For the quarter ended September 30, 2017, Telesat reported consolidated revenues of $214 million, a decline of 4% ($10 million) from the same period in 2016.  The U.S. dollar was approximately 3% weaker on average against the Canadian dollar than it was during the third quarter of 2016.  After adjusting for the impact of changes in foreign exchange rates, revenue decreased by 3% ($7 million) compared to the same period in 2016. 

Operating expenses of $42 million for the quarter were 5% ($2 million) higher than the same period in 2016, or 6% ($3 million) higher after adjusting for the impact of changes in foreign exchange rates.  Adjusted EBITDA1 for the quarter was $174 million, a decrease of 6% ($12 million) compared to the same period in 2016 and a decrease of 5% ($9 million) when adjusted for foreign exchange rate changes.
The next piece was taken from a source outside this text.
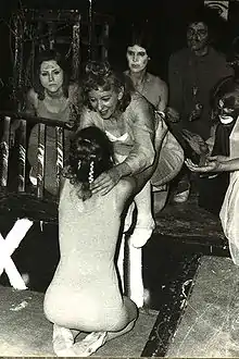 During the Johnson-Flax period, Corner Theatre presented work by talented playwrights, actors, and directors eager to contribute to the new and challenging works being produced at the theatre, including New York playwright Kit Jones' Watchpit, directed by Makarovich.[14] Makarovich also staged two Porterfield one-acts: The Catcher Was A Fag and I And Silence Some Strange Race, as well as an original teleplay called Tigers, among many others.[15] Another work by Porterfield, whatisoneholycatholicapostalicbrownandstinksuptheuniverse, was directed by Bruce Johnson, as was Porterfield's subsequent evening of thirteen short one-acts, Gnomes. In January 1972, future Sundance award-winning filmmaker Steve Yeager had his directorial debut with the premiere of Lee Dorsey's Pigeons.[16] In April 1973, Bruce Johnson suffered from a heart attack and was unable to finish directing Porterfield's latest evening of one-acts, Wolves. Director and playwright C. Richard Gillespie took over the production, which received excellent reviews.[17] Hugh M. Jones' Inconnue was a didactic theatrical adaptation of Artaud's The Theatre and its Double, featuring a performance by Judy Rowe and an original musical score by Baltimore composer Chuck Wagner.[18]

The Adjusted EBITDA margin1 for the third quarter of 2017 was 81.3%, as compared to 83.0% in the same period in 2016.

Telesat’s net income for the quarter was $197 million compared to net income of $15 million for the quarter ended September 30, 2016. The $182 million difference was the result of a higher non-cash gain on foreign exchange, arising principally from the translation of Telesat’s U.S. dollar denominated debt into Canadian dollars, and favorable changes in the fair value of financial instruments in the third quarter of 2017.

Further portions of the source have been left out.